• [EXERCISE REQUIREMENTS]
Search the listing below for the line with "1. Ситуация на", then write out that line and every one after it exactly, without the pictures.

--------------------------------

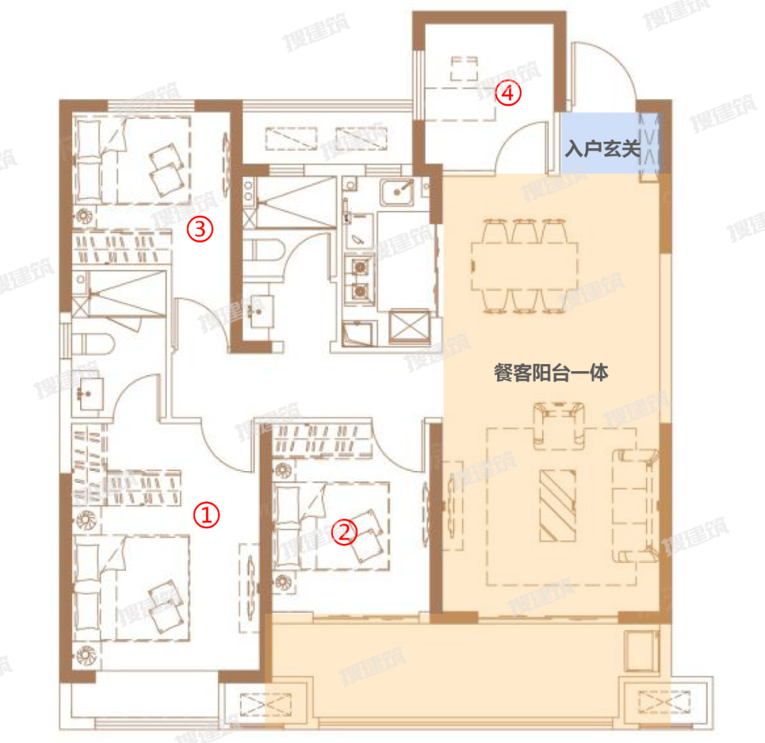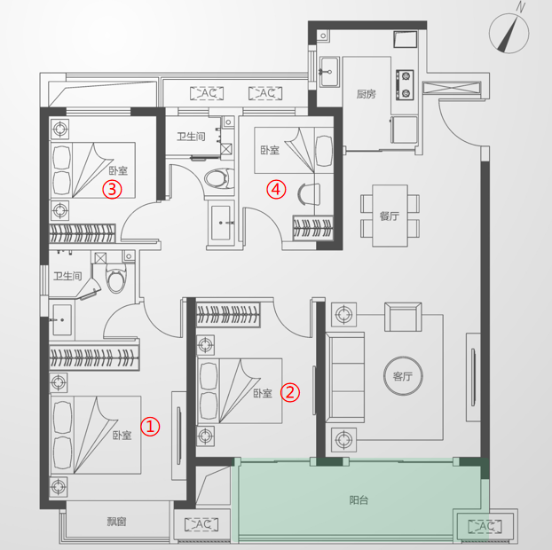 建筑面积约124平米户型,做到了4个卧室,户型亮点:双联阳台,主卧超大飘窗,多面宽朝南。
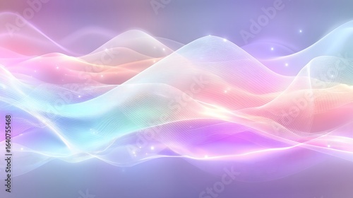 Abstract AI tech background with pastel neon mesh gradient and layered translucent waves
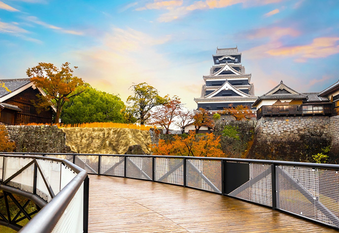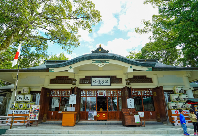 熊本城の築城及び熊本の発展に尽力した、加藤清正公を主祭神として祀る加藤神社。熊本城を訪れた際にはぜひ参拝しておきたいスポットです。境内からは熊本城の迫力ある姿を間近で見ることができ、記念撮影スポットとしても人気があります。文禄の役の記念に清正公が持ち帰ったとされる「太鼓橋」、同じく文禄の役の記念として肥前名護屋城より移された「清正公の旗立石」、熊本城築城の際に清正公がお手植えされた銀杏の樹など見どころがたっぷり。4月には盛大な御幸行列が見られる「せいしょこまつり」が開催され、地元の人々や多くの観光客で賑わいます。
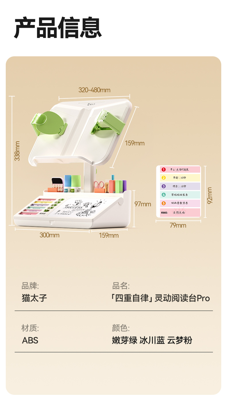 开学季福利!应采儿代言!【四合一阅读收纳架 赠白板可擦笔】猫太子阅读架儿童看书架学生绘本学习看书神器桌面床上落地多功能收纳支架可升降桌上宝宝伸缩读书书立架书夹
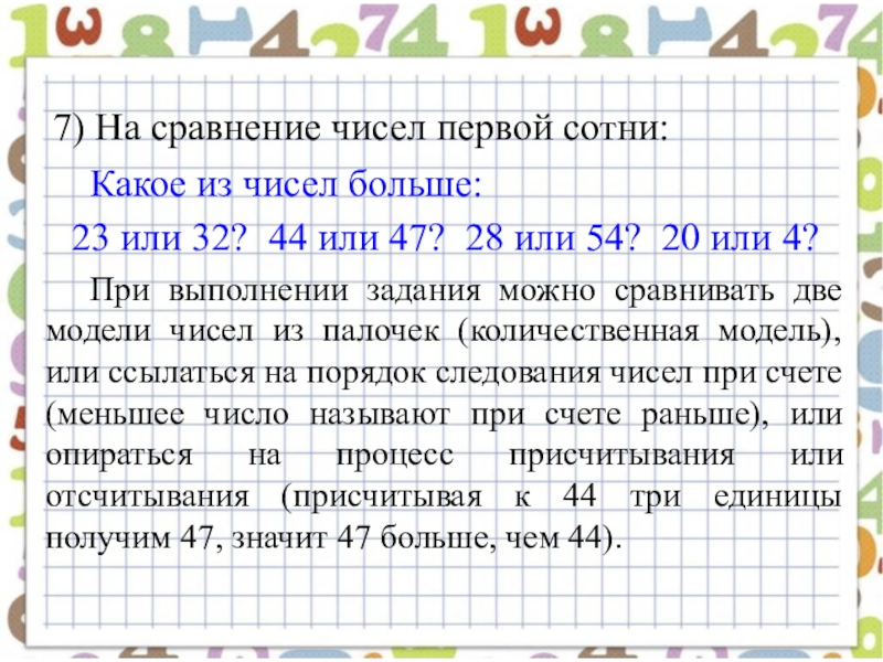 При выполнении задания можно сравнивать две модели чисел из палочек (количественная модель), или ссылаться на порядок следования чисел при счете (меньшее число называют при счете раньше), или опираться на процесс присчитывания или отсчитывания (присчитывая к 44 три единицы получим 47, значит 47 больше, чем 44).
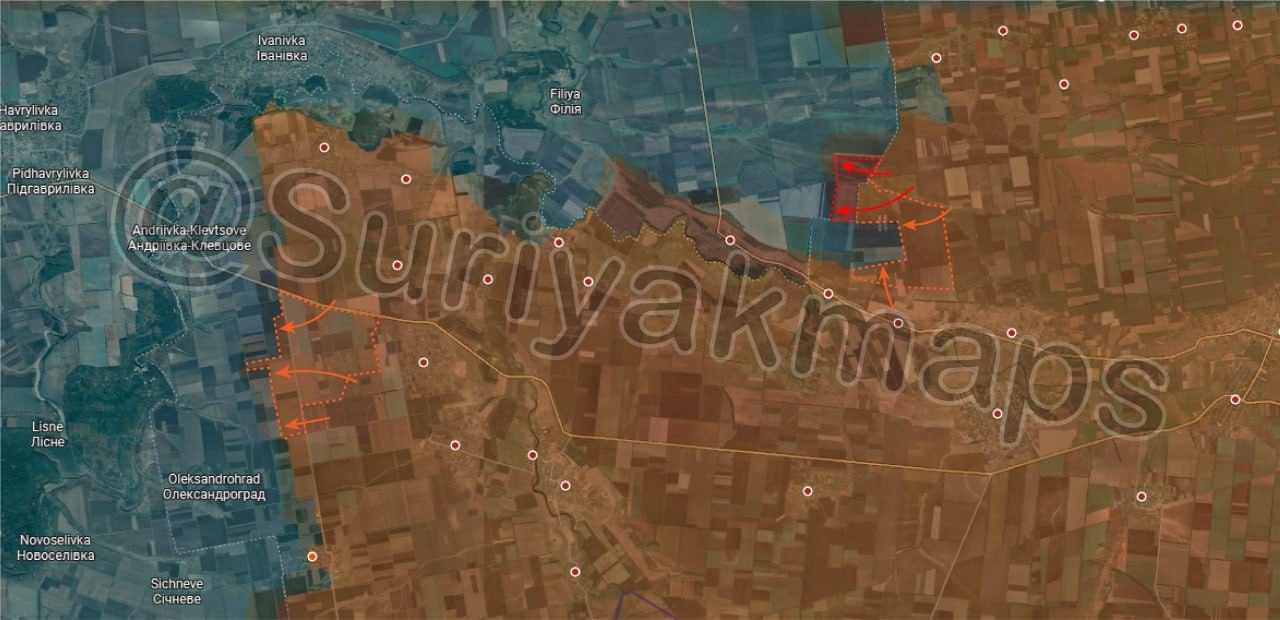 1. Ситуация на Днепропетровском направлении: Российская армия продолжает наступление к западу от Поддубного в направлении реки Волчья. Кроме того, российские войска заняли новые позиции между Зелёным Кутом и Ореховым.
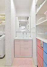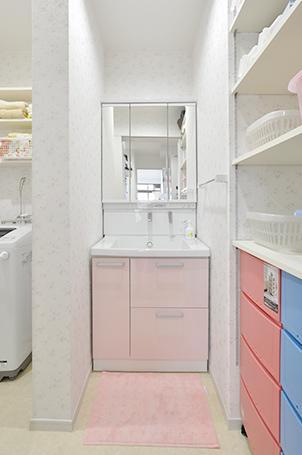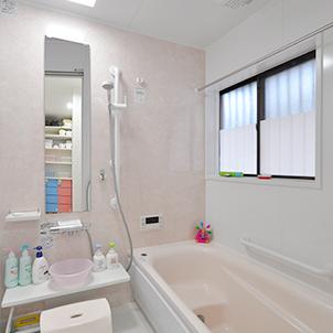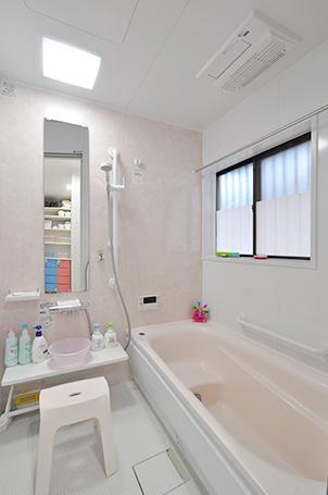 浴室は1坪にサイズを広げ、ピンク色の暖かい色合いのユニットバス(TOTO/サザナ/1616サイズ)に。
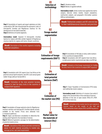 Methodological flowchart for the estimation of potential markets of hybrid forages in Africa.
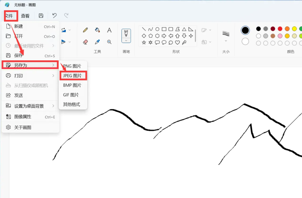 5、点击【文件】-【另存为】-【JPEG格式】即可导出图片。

--------------------------------

• [EXERCISE RESULT]
 1. Ситуация на Днепропетровском направлении: Российская армия продолжает наступление к западу от Поддубного в направлении реки Волчья. Кроме того, российские войска заняли новые позиции между Зелёным Кутом и Ореховым.
 浴室は1坪にサイズを広げ、ピンク色の暖かい色合いのユニットバス(TOTO/サザナ/1616サイズ)に。
 Methodological flowchart for the estimation of potential markets of hybrid forages in Africa.
 5、点击【文件】-【另存为】-【JPEG格式】即可导出图片。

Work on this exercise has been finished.